Kazakhstan: Mayhem mars the end of the school year
Students and parents flout a ban on excessive celebrations.
Kazakh authorities, citing safety concerns, scaled back end-of-school-year festivities, known as the last bell. But such efforts failed to head off widespread incidents of violence and mayhem.
The school year ended May 25 for the country’s approximately 4 million schoolchildren, including 200,000 graduating high school seniors, according to the Ministry of Education. Increasing rowdiness in previous years prompted officials in April to ban the organization of end-of-school special events, including banquets and car caravans for graduates in honor of the ‘last bell.’ A more subdued celebration, dubbed class hour, was instituted for this year “to ensure the safety” of children. Class hour festivities featured opportunities for graduates to summarize their studies and discuss future plans.

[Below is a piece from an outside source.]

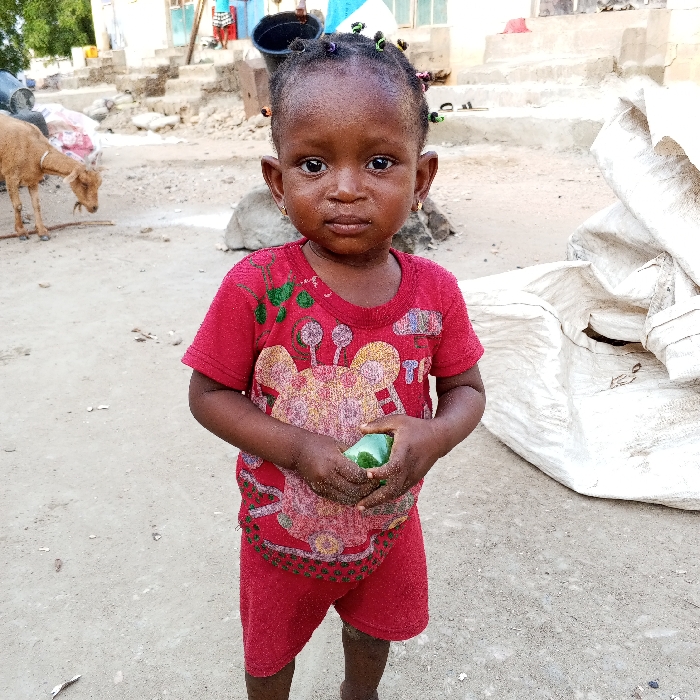 A young, dark-skinned child in a red shirt and shorts stands on a sandy ground. The child holds a green object, possibly a fruit or vegetable. Behind the child are a goat, white bags or containers, and a building with steps. The child has small earrings and colorful decorations in their hair. The overall setting suggests a rural or less developed area.

“I am confident that this year’s graduates will hold this event at a highly cultural level, without frills, without pompous celebrations, at a spiritual and moral level,” said Minister of Education Gani Beisembayev, when announcing the change in plans.
The students, and their parents, had other ideas, however.
Flouting the ban, students around the country organized caravans, in which cars crammed with seniors careen about town honking horns and generally ignoring the rules of the road. In many cases students were drinking and driving. Police made dozens of arrests.
The ban on banquets and big parties was also roundly ignored. Authorities in the Mangystau region, for example, conducted multiple raids on illicit bashes, held in spaces rented by parents so that graduates could secretly celebrate.
A school principal in Mangystau, Askar Dosov, said that parents in his district signed a pledge to adhere to the government ban, only to ignore it. “It is you, parents, who [should] understand that all prohibitions are aimed solely at the safety of your children,” Dosov was quoted as saying by the Lada.kz news site.
Several instances of end-of-school-related violence have been reported. In Astana, a female graduate was reported to be in critical but stable condition after being stabbed by another student May 26.
On the same day, the Buzyq Telegram channel posted a video in which two graduates in Almaty were seen repeatedly punching and kicking what appears to be another student. One of the attackers was wearing a 2024 school graduate's ribbon. According to police, the alleged attackers have been detained.
Almaz Kumenov is an Almaty-based journalist.